-- DATA FOR PROCESSING follows --

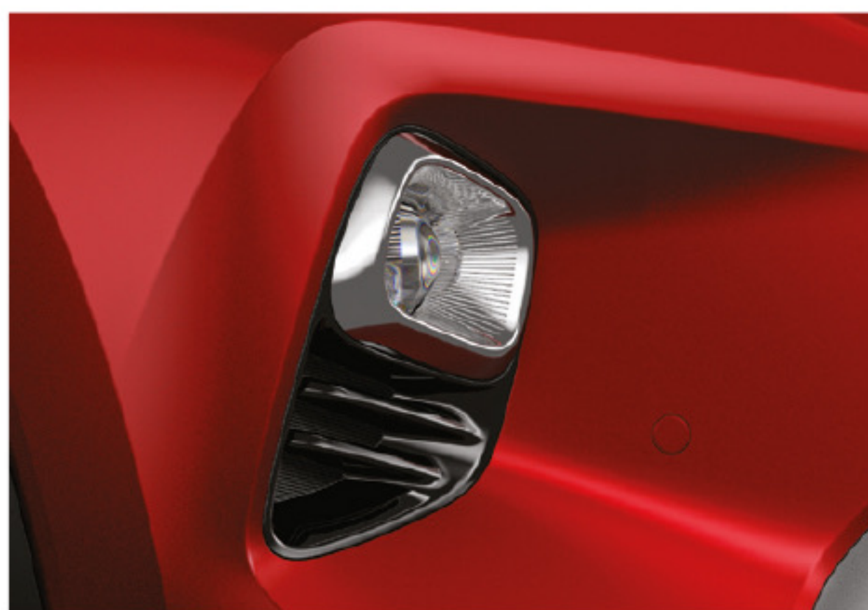
Faros antiniebla de proyección
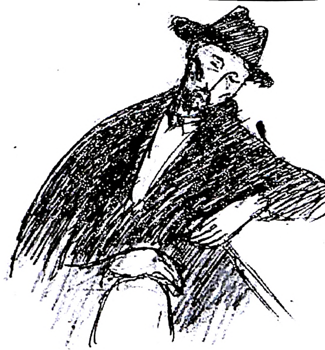
Slika 16. Adolf Vajler, Lik Jevrejina, iz notesa za skiciranje, 1941-44?
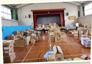
支援の拠点となった廃校。物資の保管や宿泊に使われました。

よりよい地域づくりのために住民や行政と連携して活動。地震や台風などの被災地支援も行っています。
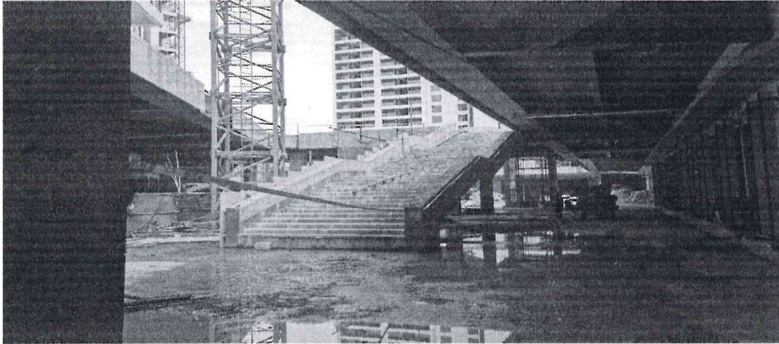
坚基·春天里一标段工程在建5栋
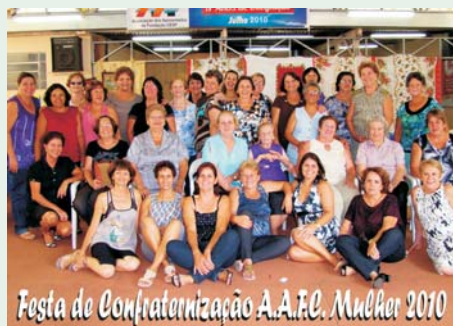
Festa de Confraternização AAFC Mulher 2010

A AAFC-Mulher de Araraquara, realizou no último dia 15/12/2010, uma reunião de final de ano, na sala de eventos da Sede Regional, com a participação de 40 associadas. Tivemos a participação de um duo musical, que graciosamente divertiu a festa, o último aniversário do ano entre as amigas foi coroado com a entrega de lembranças a elas.
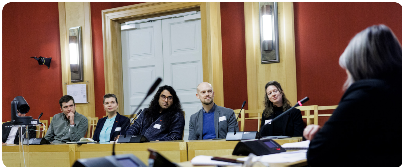
Medlemmene stilte spørsmål til Utdannings- og forskningskomiteen på Stortinget.
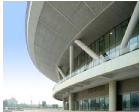
2008奥运老山自行车馆实景
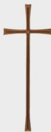
P 23 533 Høyde: 40 / *30 / 16 / 10 cm
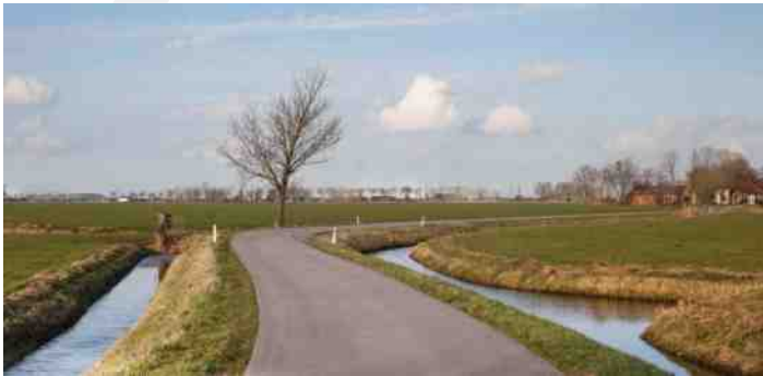
Afb. 1 De knik in de Karspelweg achter Wetsinge.

-- DATA FOR PROCESSING concluded --

→ **TASK DESCRIPTION**: Quote verbatim the final run of lines in the material above, from the line that contains "A AAFC-Mulher de" through the very last line, excluding any pictures.

→ **RESPONSE TO THIS TASK**:
A AAFC-Mulher de Araraquara, realizou no último dia 15/12/2010, uma reunião de final de ano, na sala de eventos da Sede Regional, com a participação de 40 associadas. Tivemos a participação de um duo musical, que graciosamente divertiu a festa, o último aniversário do ano entre as amigas foi coroado com a entrega de lembranças a elas.
Medlemmene stilte spørsmål til Utdannings- og forskningskomiteen på Stortinget.
2008奥运老山自行车馆实景
P 23 533 Høyde: 40 / *30 / 16 / 10 cm
Afb. 1 De knik in de Karspelweg achter Wetsinge.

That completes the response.